Merck & Co. (NYSE: MRK) has released its Q4 and full-year 2022 financial report, showcasing a robust performance with 22% year-on-year (YOY) growth in annual global sales to USD 59.3 billion. Excluding sales of COVID-19 therapy Lagevrio (molnupiravir) and foreign exchange impacts, growth was 15%. However, Q4 performance saw a slight slowdown, with sales up 8% to USD 13.8 billion, excluding foreign exchange effects.
Keytruda and Gardasil Lead the Way
The PD-1 inhibitor Keytruda (pembrolizumab) accounted for USD 20.9 billion of the year’s revenues, up 27% in constant currency terms. The human papillomavirus (HPV) vaccine family Gardasil generated USD 6.9 billion, up 27% YOY. Lagevrio contributed USD 5.7 billion to the annual sales, though MSD forecasts a decline to around USD 1 billion in the next year due to falling demand for the COVID-19 therapy.
Other notable products with over a billion-dollar annual sales included the PROQUAD measles, mumps, and rubella vaccine, the Varivax herpes zoster vaccine, neuromuscular relaxant Bridion (sugammadex), and PARP inhibitor Lynparza (olaparib), the latter in partnership with AstraZeneca.

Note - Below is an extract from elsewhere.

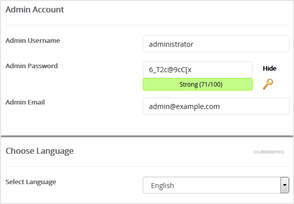 - Admin Username: Your new Microweber username (for security reason do not use the "Administrator" or the "Admin" username.)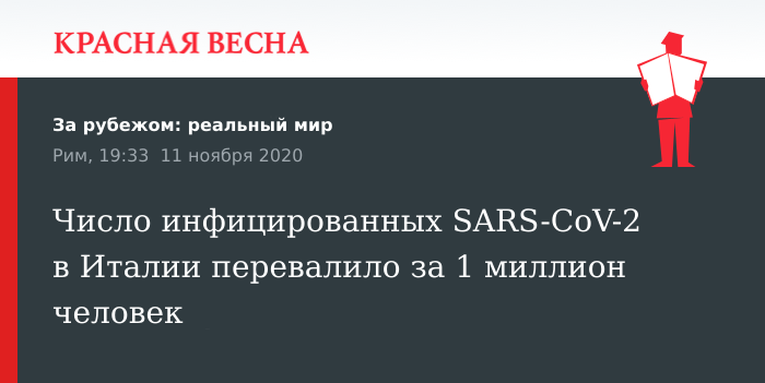 Общее число случаев заболевания COVID-19, зарегистрированных в Италии с начала пандемии, превысило отметку в один миллион человек, говорится в сообщении министерства здравоохранения страны 11 ноября, сообщает агентство Reuters.

The Type 2 diabetes drug Januvia/Janumet (sitagliptin/sitagliptin + metformin) faced generic competition in Europe and Asia and declining demand in the US, resulting in a 15% sales drop to USD 4.5 billion.
China Performance
MSD’s China performance was driven by strong demand for Gardasil. Sales in China increased 20% YOY to USD 5.102 billion over the full year, despite a 10% Q4 decline to USD 1.216 billion. MSD’s distribution partner for Gardasil in China, Chongqing Zhifei Biological Co., Ltd (SZ.300122), recently signed a supply agreement for the HPV vaccine worth over RMB 100 billion (USD 14.8 billion). Lagevrio also secured market approval in China in December.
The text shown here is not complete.